Leaving the images aside, transcribe all the data below exactly.

## Given data
--- START ---

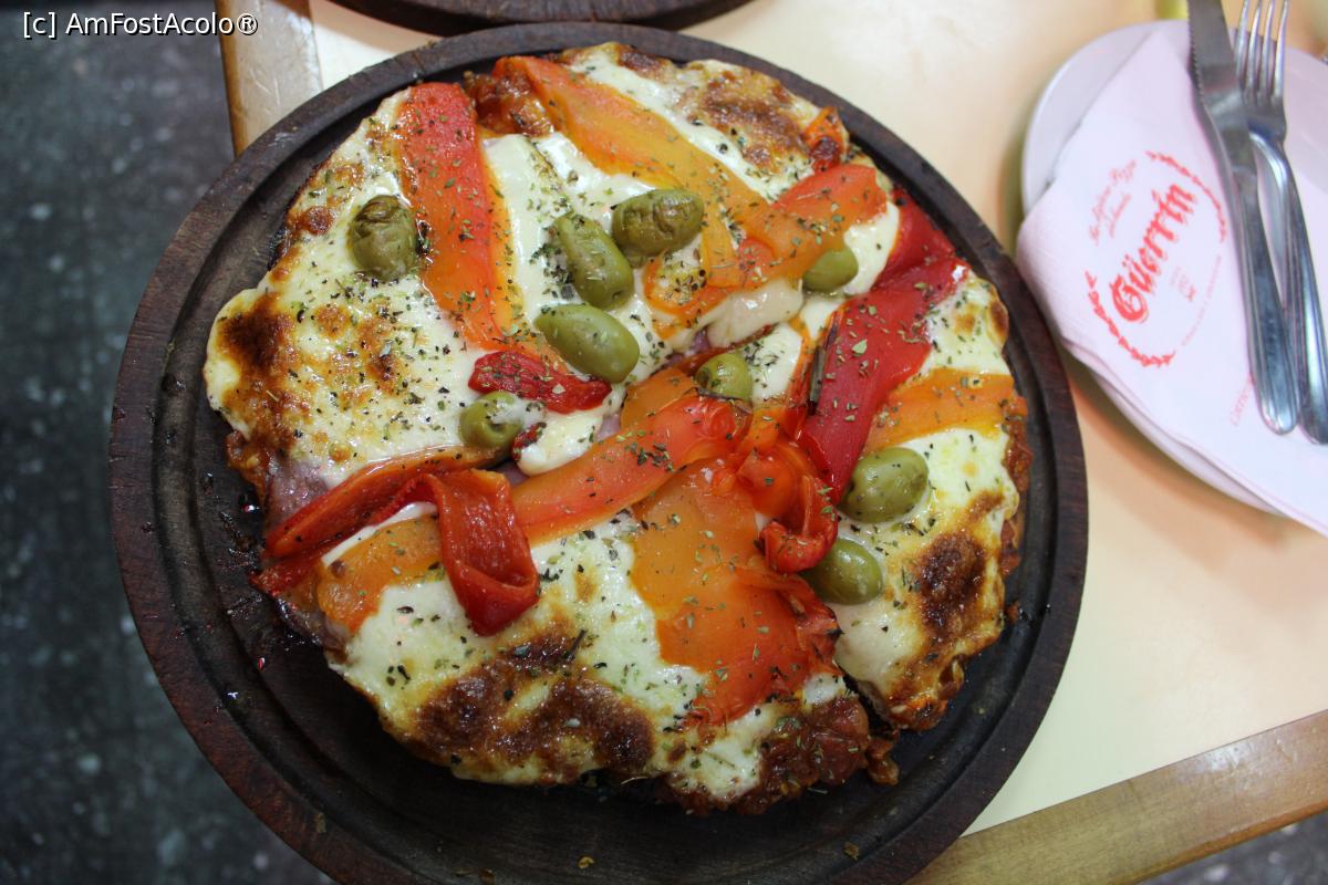 [P14] Buenos Aires, Pizzeria Güerrín, Pizza Especial Güerrín cu mozzarella, jambon, ardei roșu și măsline, medie
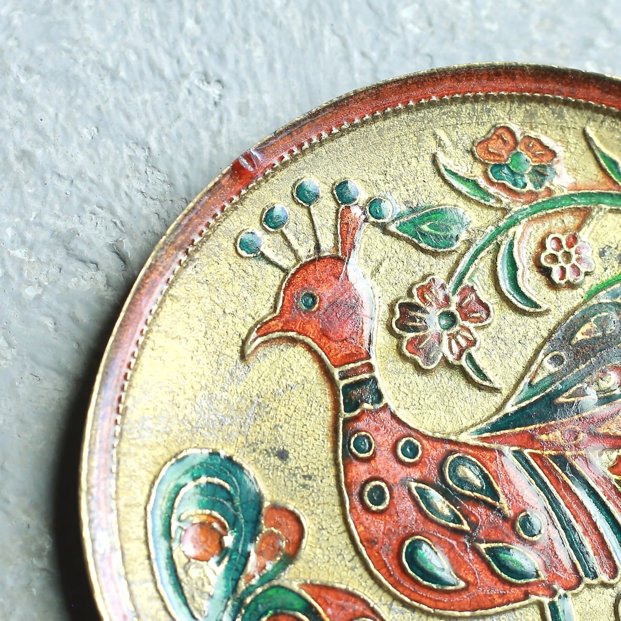 金属製 孔雀の飾り皿 ヴィンテージ プレート|鮮やかな色彩とエキゾチックな装飾 2
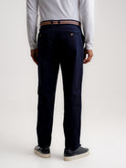 Calças Chinos Regular Fit Dobby Azuis De Algodão Lisas

--- END ---

## Response box
 [P14] Buenos Aires, Pizzeria Güerrín, Pizza Especial Güerrín cu mozzarella, jambon, ardei roșu și măsline, medie
 金属製 孔雀の飾り皿 ヴィンテージ プレート|鮮やかな色彩とエキゾチックな装飾 2
 Calças Chinos Regular Fit Dobby Azuis De Algodão Lisas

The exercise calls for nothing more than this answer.